Amministratore Patriarcale è Mons. Ramzi Garmou.
- Zakho (Iraq). Dalla morte nel 2010 di Mons. Boutrous H. Harbouli. Dal 2012 amministratore patriarcale è Mons. Bashar M. Warda, attuale Arcivescovo di Erbil. 

 Non si deve dimenticare inoltre che il nuovo patriarca può esercitare il diritto a destinare i vescovi ausiliari del precedente ad altri incarichi e farsi affiancare nei suoi compiti da altri prelati. 

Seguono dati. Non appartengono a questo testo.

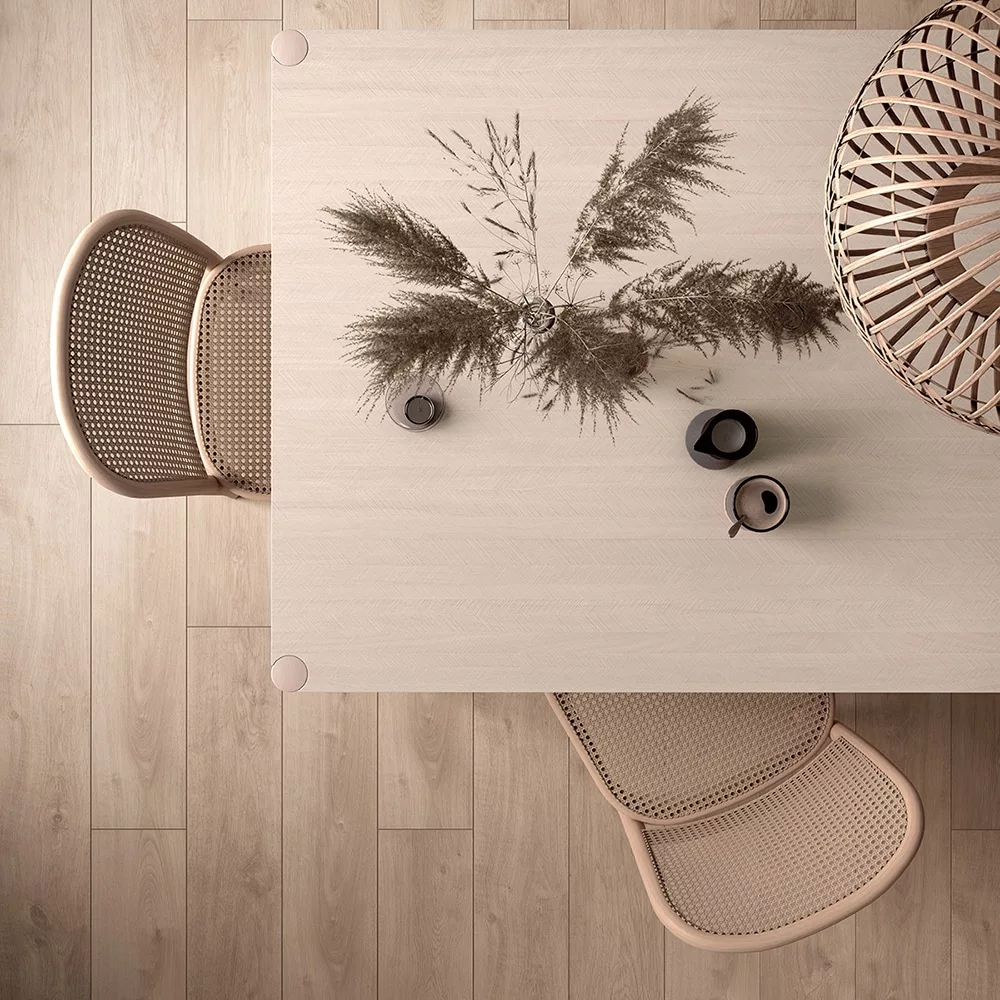 La versatilidad marca el carácter de este Roble Glamour de plena actualidad que resulta cálido y favorecedor en cualquier tipo de estancia. El sutil contraste de color entre sus lamas y el acabado Dry Touch consiguen un aspecto aún más natural.
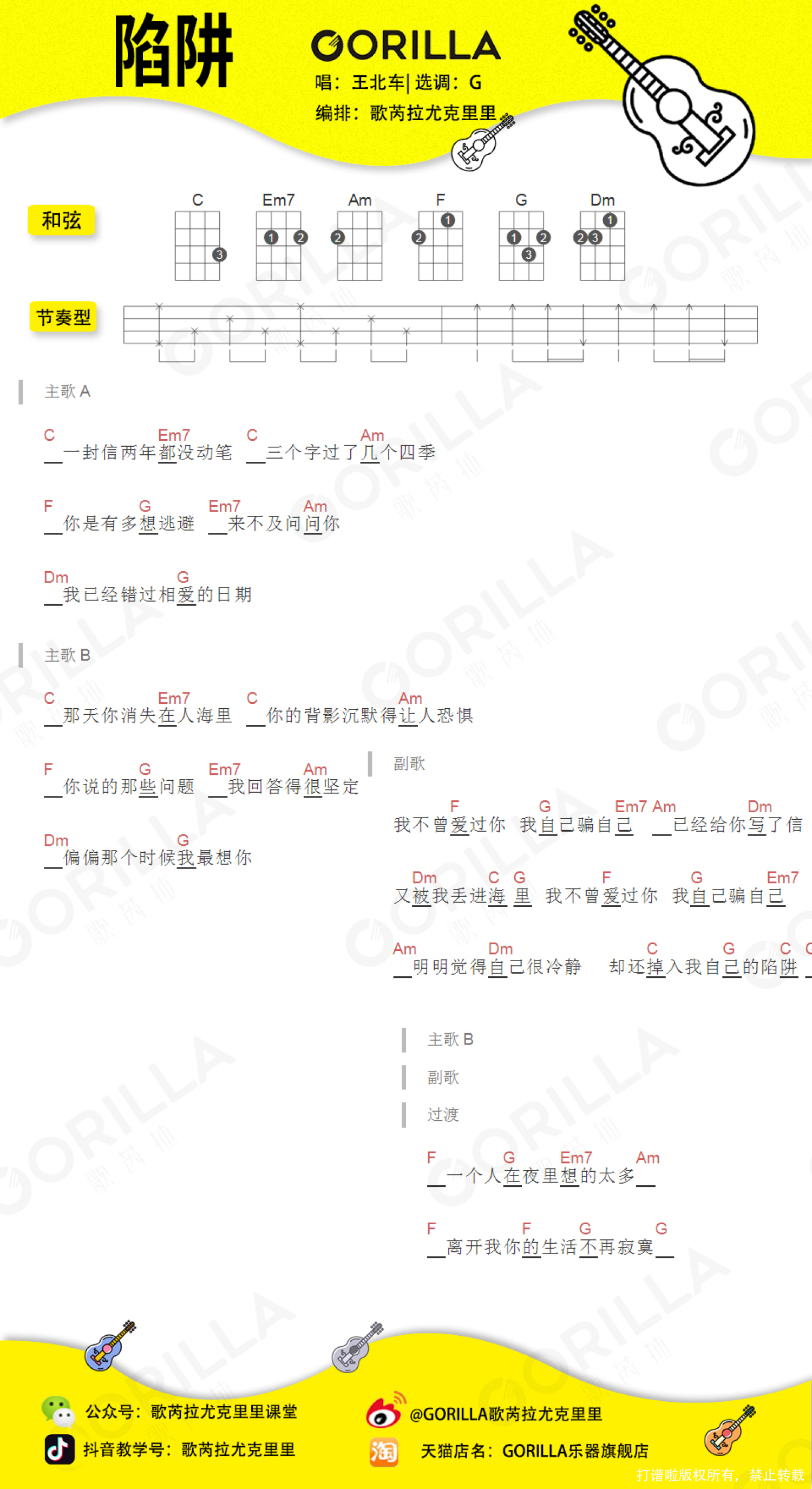 陷阱尤克里里谱 - 王北车
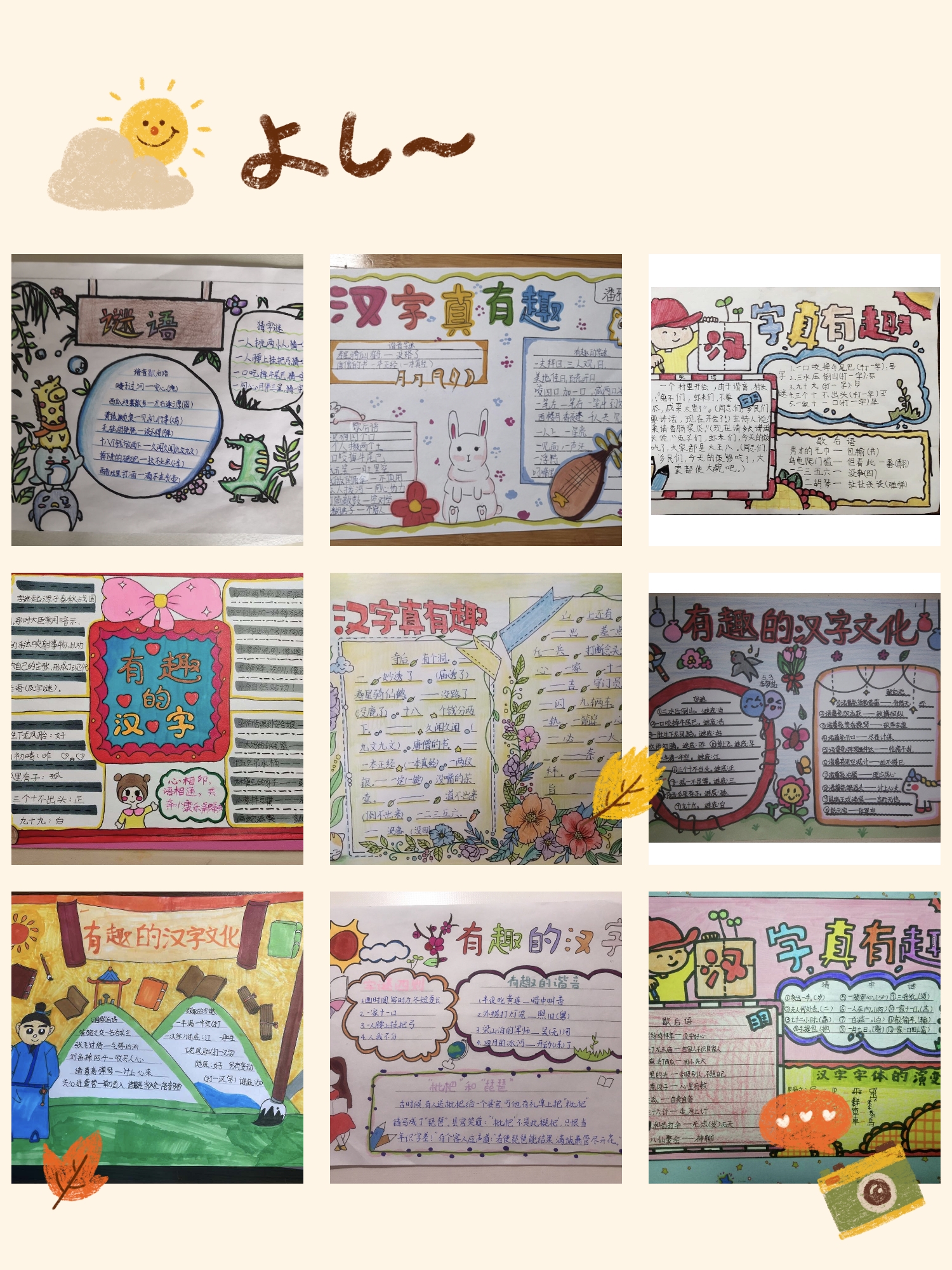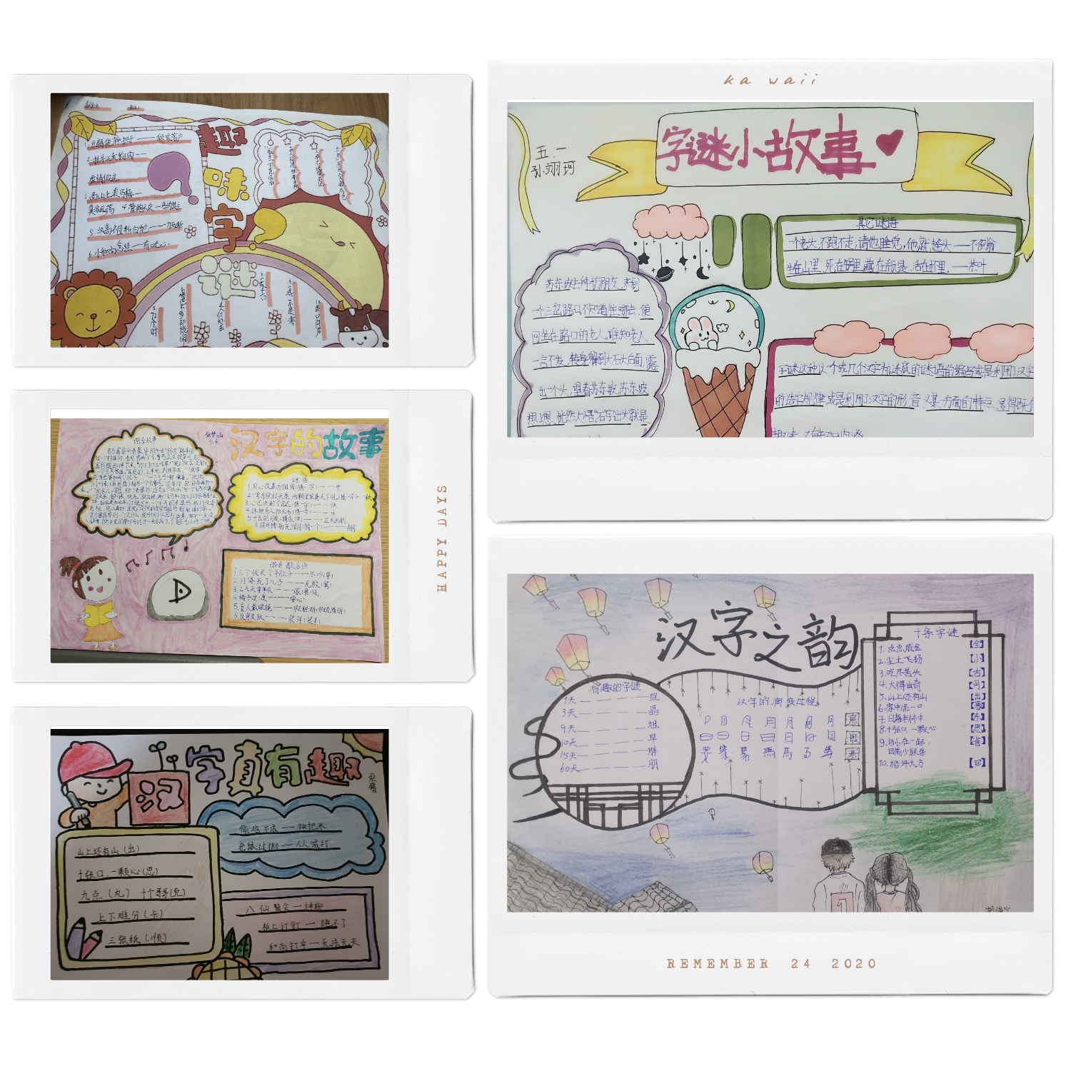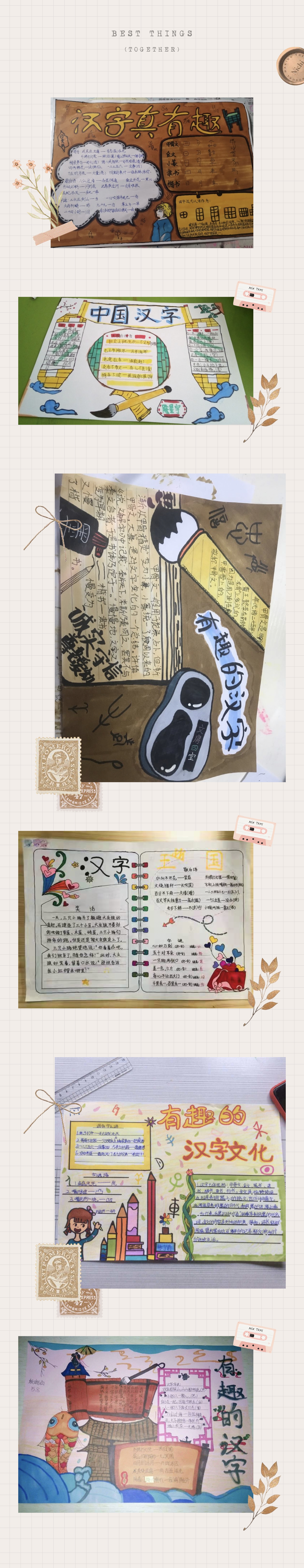 活動(dòng)開(kāi)展前,老師以單元主題為契機(jī),引導(dǎo)同學(xué)們通過(guò)查找資料、網(wǎng)絡(luò)檢索等方法,認(rèn)真了解漢字的發(fā)展,并將其制作成了一幅幅精美的手抄報(bào)。同學(xué)們把漢字的趣味點(diǎn)畫(huà)于筆端,在紙上給博大精深的漢字涂抹出絢麗的色彩,妙趣橫生,又令人大開(kāi)眼界。

Ospitati dai Passionisti del Celio a Roma i vescovi caldei hanno compito non facile. Gli ultimi dieci anni sono stati a dir poco turbolenti. Per L'Iraq, e per la stessa chiesa caldea che ha vissuto momenti di tensione interna anche molto alti.
Si spera che il raccoglimento degli esercizi spirituali del primo giorno di incontri, la bellezza del luogo che li ospita, con i suoi chiostri ed il suo parc
o, ma soprattutto la presenza moderatrice del Cardinale Leonardo Sandri, Prefetto della Congregazione delle Chiese Orientali, li possano ispirare a favore della scelta migliore.
Gli ormai pochi* fedeli rimasti in Iraq e che tanto hanno sofferto e soffrono la meritano di certo. Sbagliare non si può. Sbagliare non si deve.



* E' ovvio che si tratta di risultati trapelati e non ufficialmente confermati ai media come è  prassi in questi casi. 
* Non ci sono cifre ufficiali ed esatte su quanti siano i cristiani rimasti in Iraq come, d'altra parte, non ce n'erano prima della guerra del 2003. Si parla genericamente di cifre che vanno - oggi - dai 300.000 ai 500.ooo dei quali la maggior parte caldei in proporzione però incerta.